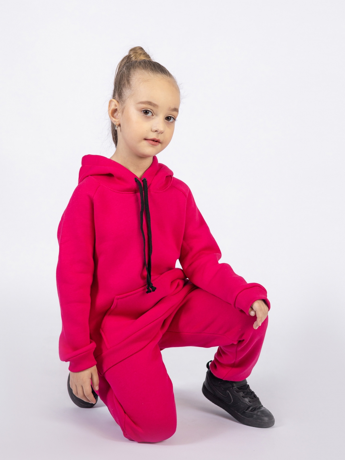 Теги: Детские костюмы оптом от производителя. 296-Ф. Свитшот с капюшоном + Штаны, хлопок 65%, 35% ПЭ, 3-х нитка (начес) фуксия 122,128,134,140 цена,отзывы официальный сайт "Стеша Будённовск"
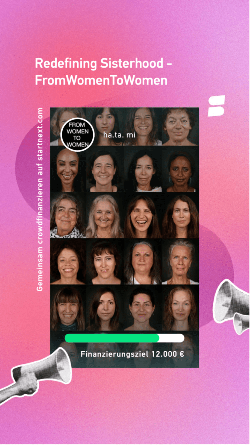 Der Aufruf auf Startnext war ein voller Erfolg! Am 8. März 2026 ist Premiere für den Film FROM WOMEN TO WOMEN: Redefining Sisterhood. Für weitere Zuwendungen ist die Filmemacherin HANNA MILLING offen, denn zum Crowfunding-Projekt gehören nicht nur der Film, sondern auch Veranstaltungen, Projekte, Dialoge und vertiefende Extras, die die Aktion begleiten können.
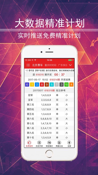 时时彩宝典是一款由香港皇家科技基于重庆时时彩、幸运飞艇、北京赛车PK10、新疆时时彩、天津时时彩等热门高频彩为内容,集历史开奖、统计资讯、推荐数据于一体的时时彩资讯应用。 时时彩宝典通过大量的数据,以及运用自主研发的分析时时彩的方法,率先实现了时时彩各玩法的推荐。 【特色服务】 1. 视频开奖 ◇实时视频开奖,让开奖也能更有趣; 2. 历史数据统计 ◇多种玩法历史数据统计:大小、单双、龙虎..... 3. 长龙提醒 ◇两面长龙自动统计各种龙,让您赢钱更简单; 3. 遗漏及冷热号统计 ◇遗漏数据实时更新,冷热号数据统计让你有据可依。 用时时彩宝典,赢钱根本停不下来。 (App内提供的内容及活动与苹果公司无关)
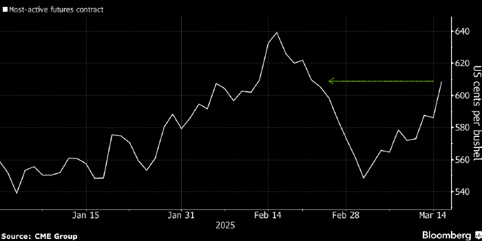 Главной причиной взлета цен послужила ветряная погода в центральных регионах США, которая представляет угрозу для урожая. Июльские фьючерсы на твердую краснозерную озимую пшеницу в центах за бушель. Источник: Bloomberg В понедельник июльские фьючерсы на твердую краснозерную озимую пшеницу подскочили на 5% с лишним (рекордное значение с июля 2023 года) и достигли самого высокого уровня с середины февраля. Главной причиной взлета цен послужила ветряная погода в центральных регионах США, которая представляет угрозу для урожая. Масштабная система штормов, прокатившаяся по США на выходных, спровоцировала лесные пожары в Техасе и Оклахоме. Кроме того, она усугубила засушливые условия, которые угрожают урожаю пшеницы в основных сельскохозяйственных регионах страны. Национальная метеорологическая служба США предупредила, что в понедельник и вторник большая часть этого региона будет находиться в зоне критически пожароопасной погоды. С начала марта биржевые цены на с/х культуры в США показывают
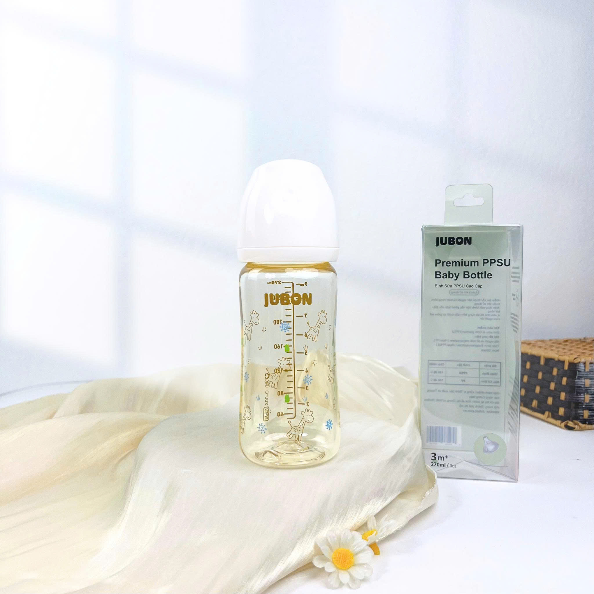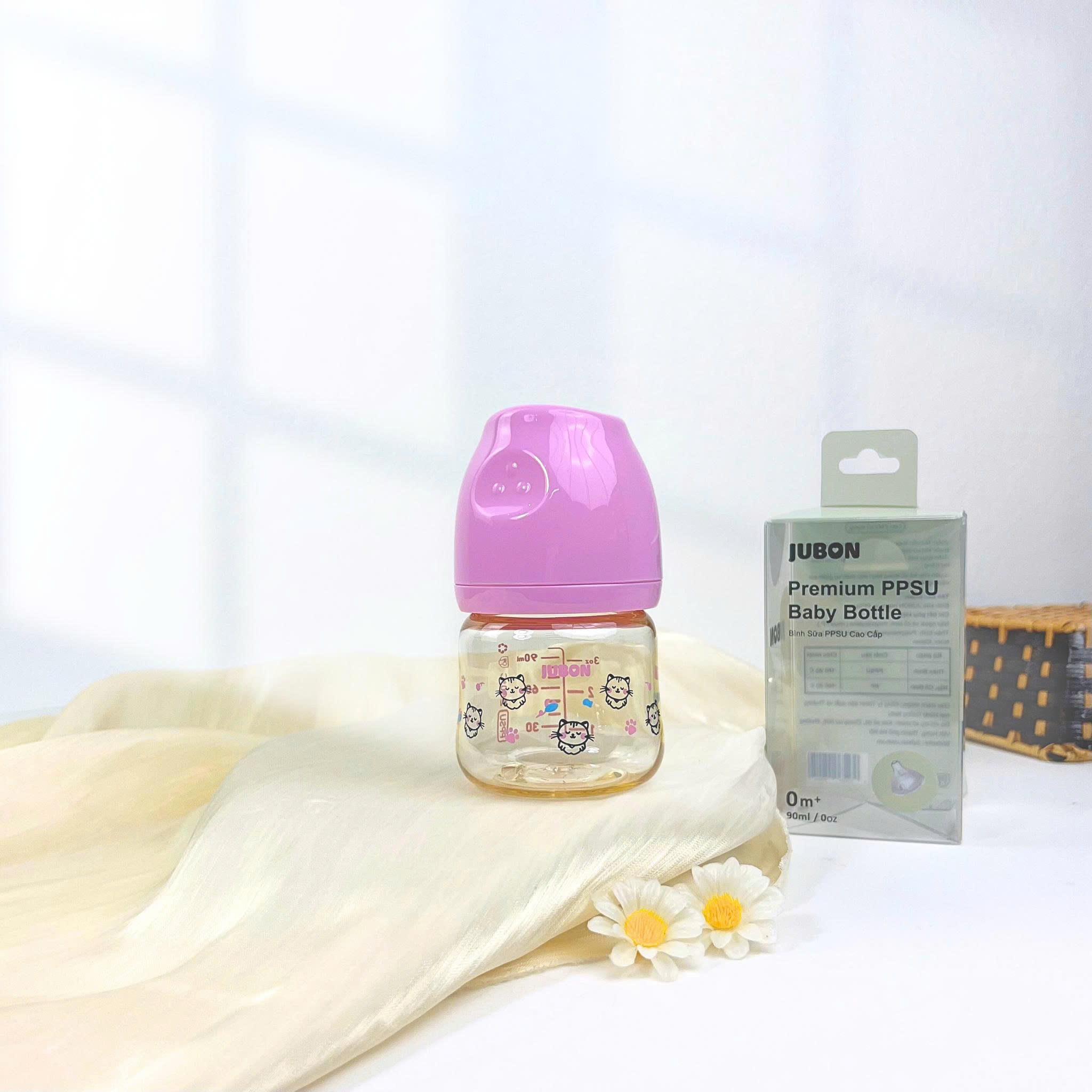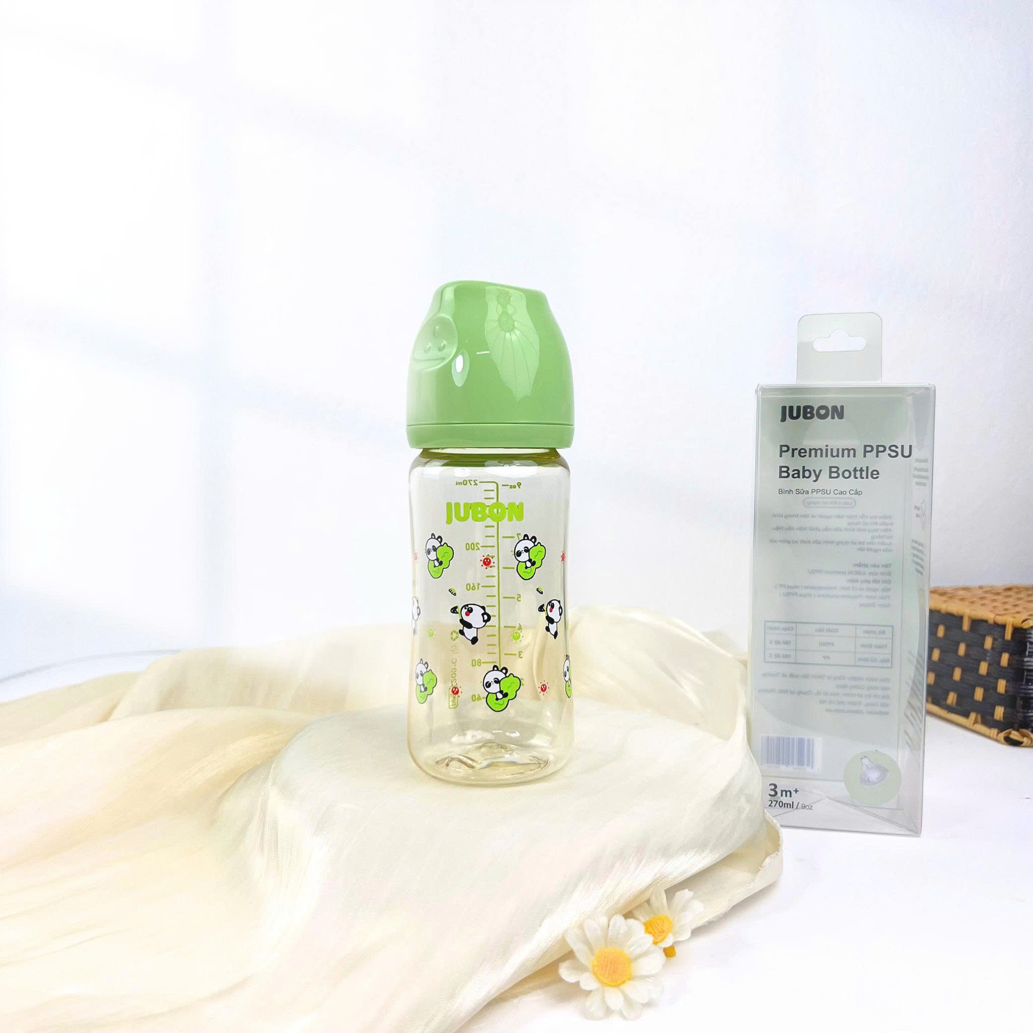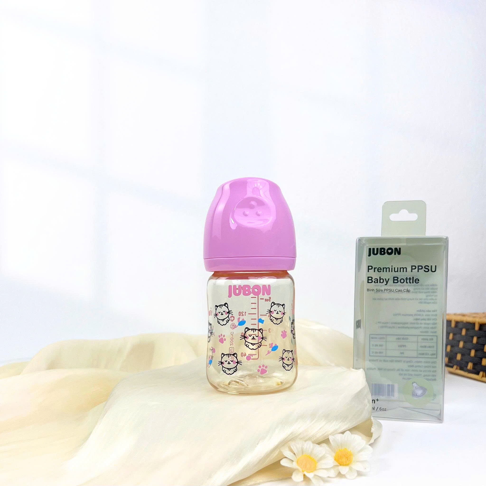 (Mẫu mới)Bình sữa PPSU Jubon in họa tiết season nắp màu dung tích 170ml-270ml
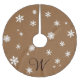 This tree skirt is accented with your family monogram on an illustrated burlap background covered in snowflakes.
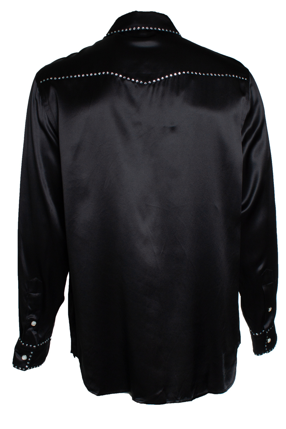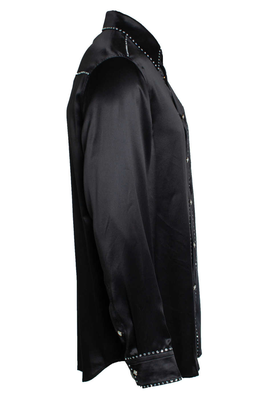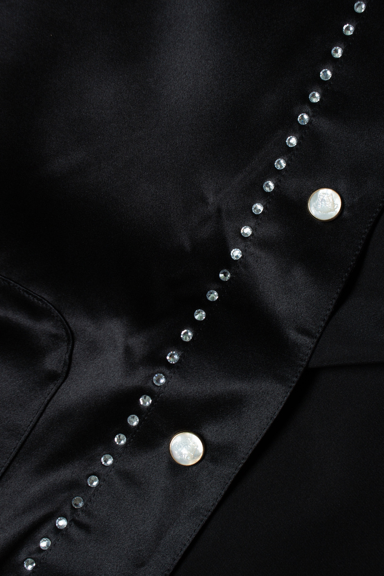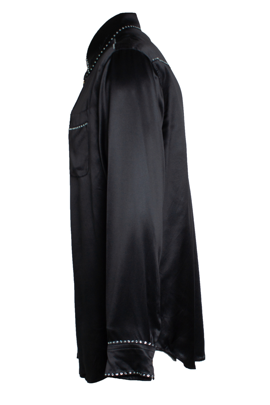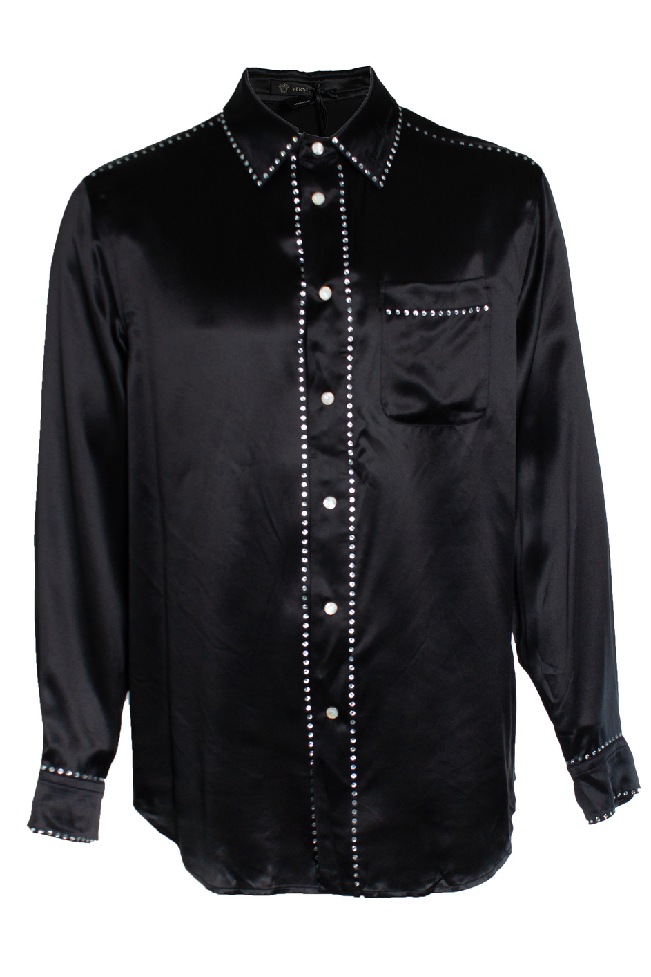 • Versace, zwart satijnen shirt met strass steentjes. Het artikel is nieuw met label.

▬▬▬▬▬▬

### PROBLEM DETAILS
Reproduce the material above exactly, but only from the line with "This tree skirt" through its last line, leaving pictures out.

### TASK OUTPUT
 This tree skirt is accented with your family monogram on an illustrated burlap background covered in snowflakes.
 • Versace, zwart satijnen shirt met strass steentjes. Het artikel is nieuw met label.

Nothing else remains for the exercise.